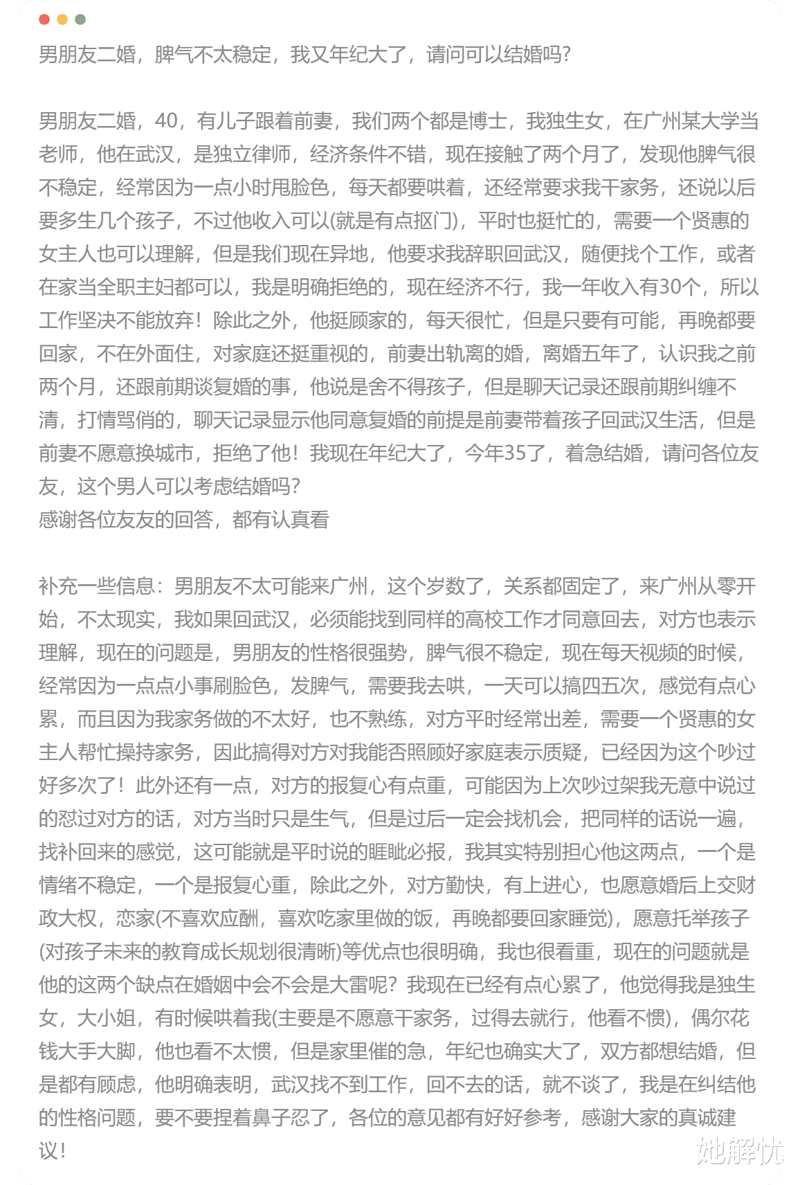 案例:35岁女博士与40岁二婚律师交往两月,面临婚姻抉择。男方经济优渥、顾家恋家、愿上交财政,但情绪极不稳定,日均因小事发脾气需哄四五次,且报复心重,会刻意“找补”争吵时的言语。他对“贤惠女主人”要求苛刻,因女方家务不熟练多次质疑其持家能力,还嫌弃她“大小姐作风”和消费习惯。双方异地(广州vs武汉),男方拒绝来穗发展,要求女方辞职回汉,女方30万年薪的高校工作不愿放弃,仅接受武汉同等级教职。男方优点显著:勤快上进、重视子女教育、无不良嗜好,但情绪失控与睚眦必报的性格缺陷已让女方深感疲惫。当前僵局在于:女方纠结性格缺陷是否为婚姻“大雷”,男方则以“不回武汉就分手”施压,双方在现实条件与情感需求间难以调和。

* * *

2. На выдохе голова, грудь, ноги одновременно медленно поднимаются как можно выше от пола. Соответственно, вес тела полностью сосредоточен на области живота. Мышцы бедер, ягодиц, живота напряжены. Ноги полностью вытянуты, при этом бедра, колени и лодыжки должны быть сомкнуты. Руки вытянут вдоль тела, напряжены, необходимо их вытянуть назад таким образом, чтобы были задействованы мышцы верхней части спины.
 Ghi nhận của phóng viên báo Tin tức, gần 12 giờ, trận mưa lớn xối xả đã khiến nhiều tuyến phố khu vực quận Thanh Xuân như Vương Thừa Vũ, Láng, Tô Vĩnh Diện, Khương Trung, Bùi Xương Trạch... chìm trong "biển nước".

PROBLEM DESCRIPTION:
From the records above, print only the lines between the one holding "2. На выдохе" and the one holding "Ghi nhận của", inclusive, exactly as they stand.

RESPONSE BOX:
2. На выдохе голова, грудь, ноги одновременно медленно поднимаются как можно выше от пола. Соответственно, вес тела полностью сосредоточен на области живота. Мышцы бедер, ягодиц, живота напряжены. Ноги полностью вытянуты, при этом бедра, колени и лодыжки должны быть сомкнуты. Руки вытянут вдоль тела, напряжены, необходимо их вытянуть назад таким образом, чтобы были задействованы мышцы верхней части спины.
 Ghi nhận của phóng viên báo Tin tức, gần 12 giờ, trận mưa lớn xối xả đã khiến nhiều tuyến phố khu vực quận Thanh Xuân như Vương Thừa Vũ, Láng, Tô Vĩnh Diện, Khương Trung, Bùi Xương Trạch... chìm trong "biển nước".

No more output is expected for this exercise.